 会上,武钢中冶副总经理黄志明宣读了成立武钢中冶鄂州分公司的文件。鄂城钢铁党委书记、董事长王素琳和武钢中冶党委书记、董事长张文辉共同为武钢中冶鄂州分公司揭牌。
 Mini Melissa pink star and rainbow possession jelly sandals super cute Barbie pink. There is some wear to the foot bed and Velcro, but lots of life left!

|---|

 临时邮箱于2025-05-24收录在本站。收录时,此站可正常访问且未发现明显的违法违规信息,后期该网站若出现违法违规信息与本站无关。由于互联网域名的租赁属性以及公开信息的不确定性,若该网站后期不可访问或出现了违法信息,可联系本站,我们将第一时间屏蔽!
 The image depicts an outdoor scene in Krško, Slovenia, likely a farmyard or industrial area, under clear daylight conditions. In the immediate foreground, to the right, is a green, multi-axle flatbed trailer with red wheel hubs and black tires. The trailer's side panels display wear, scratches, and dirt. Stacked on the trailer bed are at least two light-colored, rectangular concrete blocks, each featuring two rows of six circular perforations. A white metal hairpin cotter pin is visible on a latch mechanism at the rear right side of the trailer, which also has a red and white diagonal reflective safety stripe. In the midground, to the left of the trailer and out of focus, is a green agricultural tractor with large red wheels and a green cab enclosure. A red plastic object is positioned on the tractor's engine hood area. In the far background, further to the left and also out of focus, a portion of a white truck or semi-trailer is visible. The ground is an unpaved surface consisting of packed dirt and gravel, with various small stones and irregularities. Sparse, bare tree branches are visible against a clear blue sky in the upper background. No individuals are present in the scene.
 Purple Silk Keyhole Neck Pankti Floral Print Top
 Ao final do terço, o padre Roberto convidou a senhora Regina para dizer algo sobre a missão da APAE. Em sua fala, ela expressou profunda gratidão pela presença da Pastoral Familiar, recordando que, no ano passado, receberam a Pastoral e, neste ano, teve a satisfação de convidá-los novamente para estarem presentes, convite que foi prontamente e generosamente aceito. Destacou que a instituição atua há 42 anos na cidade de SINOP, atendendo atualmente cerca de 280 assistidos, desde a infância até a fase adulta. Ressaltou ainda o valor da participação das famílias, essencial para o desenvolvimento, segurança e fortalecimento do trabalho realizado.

|---|

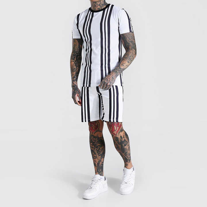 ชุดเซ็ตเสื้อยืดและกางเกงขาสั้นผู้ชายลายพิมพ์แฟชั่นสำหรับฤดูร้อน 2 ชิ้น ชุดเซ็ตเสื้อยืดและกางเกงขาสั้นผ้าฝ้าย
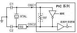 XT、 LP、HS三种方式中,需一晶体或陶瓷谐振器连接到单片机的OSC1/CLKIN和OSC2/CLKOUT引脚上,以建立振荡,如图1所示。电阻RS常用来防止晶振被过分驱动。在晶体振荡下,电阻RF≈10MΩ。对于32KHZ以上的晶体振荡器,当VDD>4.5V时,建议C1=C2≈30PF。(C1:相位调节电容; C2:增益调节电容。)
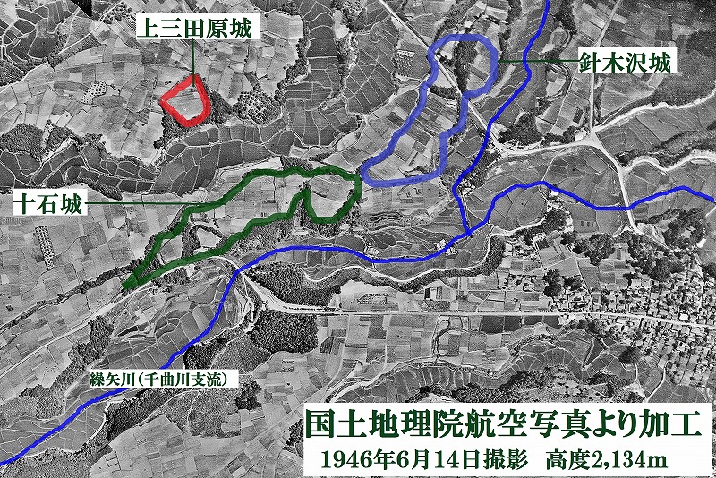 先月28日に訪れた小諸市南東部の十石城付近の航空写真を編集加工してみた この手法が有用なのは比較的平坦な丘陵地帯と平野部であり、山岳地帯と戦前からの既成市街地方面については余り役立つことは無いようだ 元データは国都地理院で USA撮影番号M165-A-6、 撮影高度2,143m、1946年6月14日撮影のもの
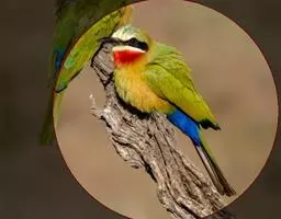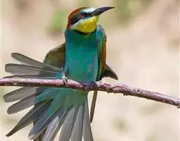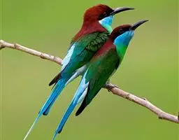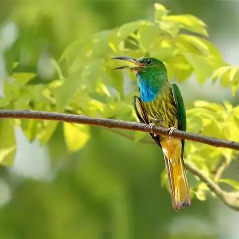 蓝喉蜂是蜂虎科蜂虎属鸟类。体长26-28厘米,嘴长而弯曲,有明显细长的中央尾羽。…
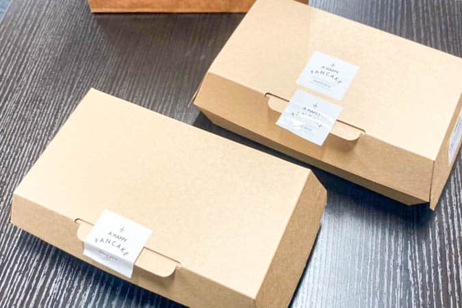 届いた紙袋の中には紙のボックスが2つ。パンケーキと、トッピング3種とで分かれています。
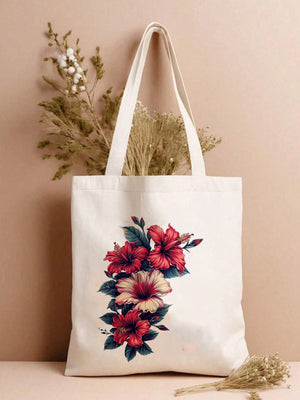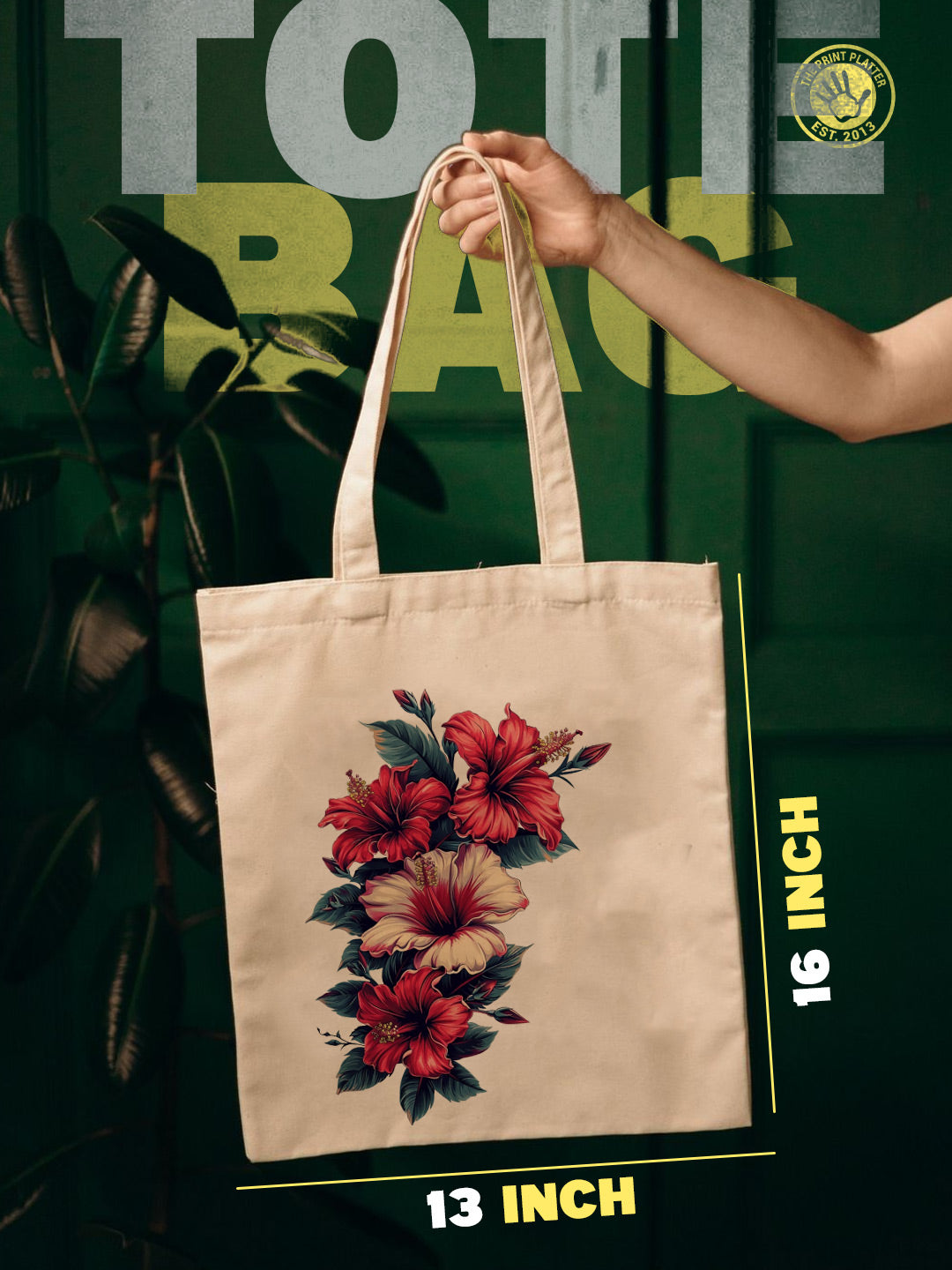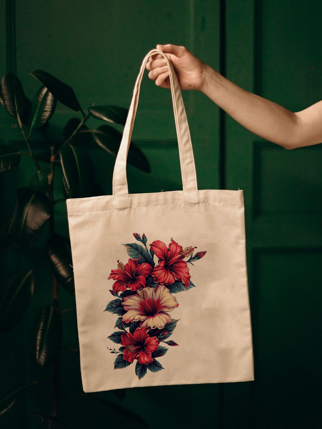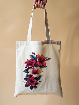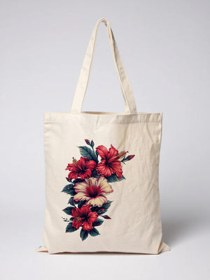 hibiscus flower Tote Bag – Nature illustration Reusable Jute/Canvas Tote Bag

|---|

== What you will do ==
The answer must consist of every line in the records above that contains the word "left".

== Exercise solution ==
 Mini Melissa pink star and rainbow possession jelly sandals super cute Barbie pink. There is some wear to the foot bed and Velcro, but lots of life left!
 The image depicts an outdoor scene in Krško, Slovenia, likely a farmyard or industrial area, under clear daylight conditions. In the immediate foreground, to the right, is a green, multi-axle flatbed trailer with red wheel hubs and black tires. The trailer's side panels display wear, scratches, and dirt. Stacked on the trailer bed are at least two light-colored, rectangular concrete blocks, each featuring two rows of six circular perforations. A white metal hairpin cotter pin is visible on a latch mechanism at the rear right side of the trailer, which also has a red and white diagonal reflective safety stripe. In the midground, to the left of the trailer and out of focus, is a green agricultural tractor with large red wheels and a green cab enclosure. A red plastic object is positioned on the tractor's engine hood area. In the far background, further to the left and also out of focus, a portion of a white truck or semi-trailer is visible. The ground is an unpaved surface consisting of packed dirt and gravel, with various small stones and irregularities. Sparse, bare tree branches are visible against a clear blue sky in the upper background. No individuals are present in the scene.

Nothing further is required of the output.